There is absolutely no dispute with regard to the law laid down by the Hon'ble Apex Court with regard to the scope of the enquiry under Article 226 of the Constitution of India. At the same time, it needs to be noted that when the punishment is shockingly disproportionate and is inflicted without being preceded by proper enquiry, the interference of this court under Article 226 of the Constitution of India is certainly permissible to correct the same. 11. In the instant case, it is an admitted reality that during the course of enquiry, the enquiring authority did not make any effort to examine the passengers to elicit the truth. In the considered opinion of this court, such material infirmity would render the entire proceedings invalid. Basing on such improperly conducted enquiry, the service of employee who has been working since long time, cannot be mechanically dispensed with. 12. Another significant and vital aspect which needs to be noted is that the Industrial Tribunal dos not consider the aspect of proportionality of punishment in the light of the mandatory provisions of Section 11(A) of the Industrial Disputes Act. 13. In the facts and circumstances of the case, the judgments on which the learned Standing Counsel placed reliance would not render any assistance to the respondent Corporation.

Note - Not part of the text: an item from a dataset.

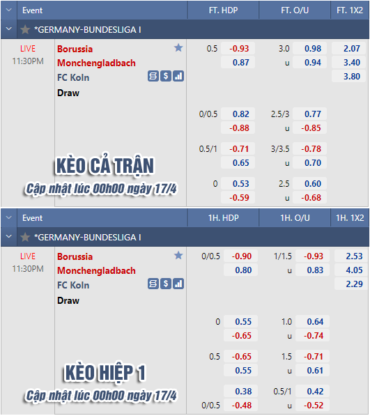 * Chốt kèo trận M'gladbach vs FC Koln (23h30 ngày 16/4)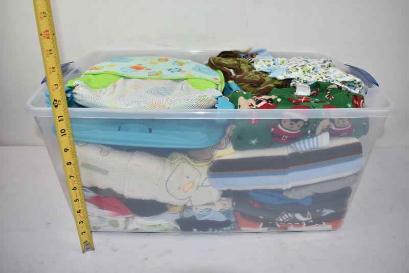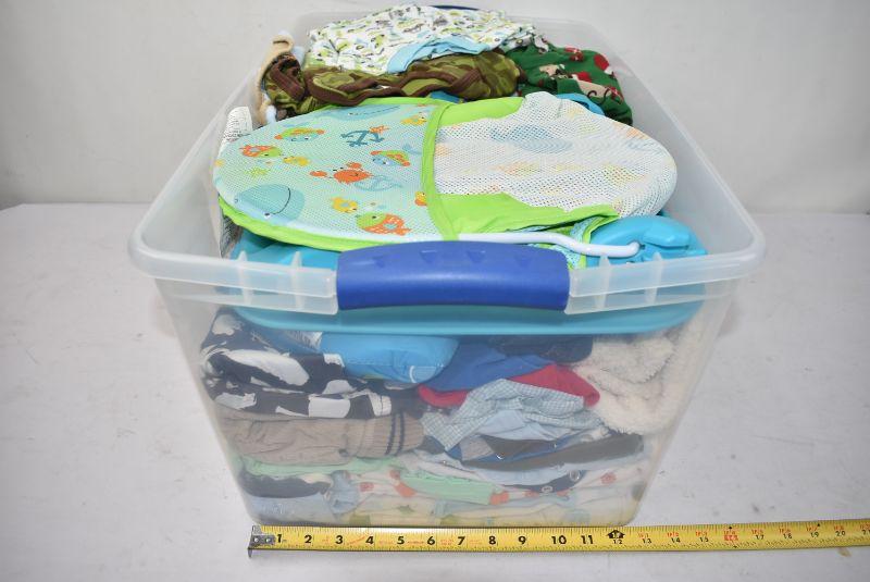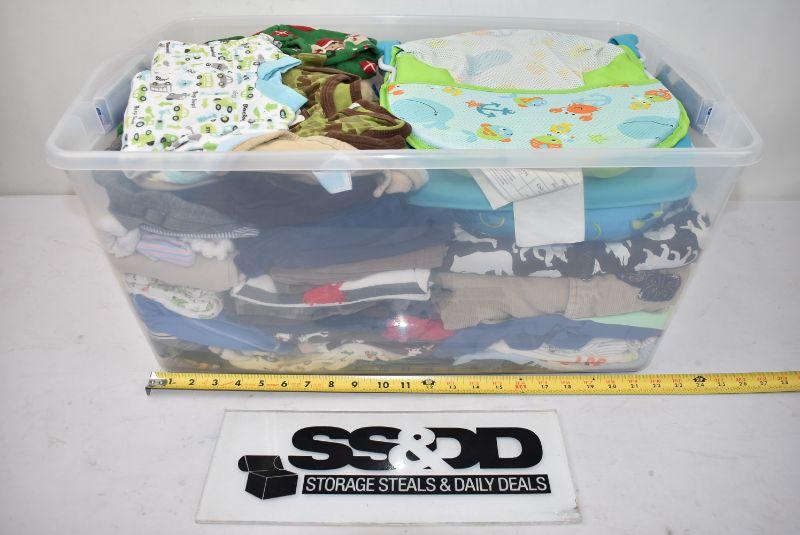 #2 66 Quart Clear Bin & Lid Baby Boy Items: Bath Seat, Bibs, Etc Mostly 3-12 Mth

On the other hand, the judgments cited by the learned counsel for petitioner are squarely applicable to the facts and circumstances of the present case. 14. Having regard to the facts and circumstances of the case, writ petition is partly allowed, setting aside the award dated 21.01.2010 passed by the Industrial Tribunal-cum-Labour Court, Visakhapatnam, in I.D.No.76 of 2008 and the respondents are directed to reinstate the petitioner with continuity of service and half of the back wages. 15. Miscellaneous petitions pending consideration, if any, in the Writ Petition shall stand closed in consequence. No order as to costs.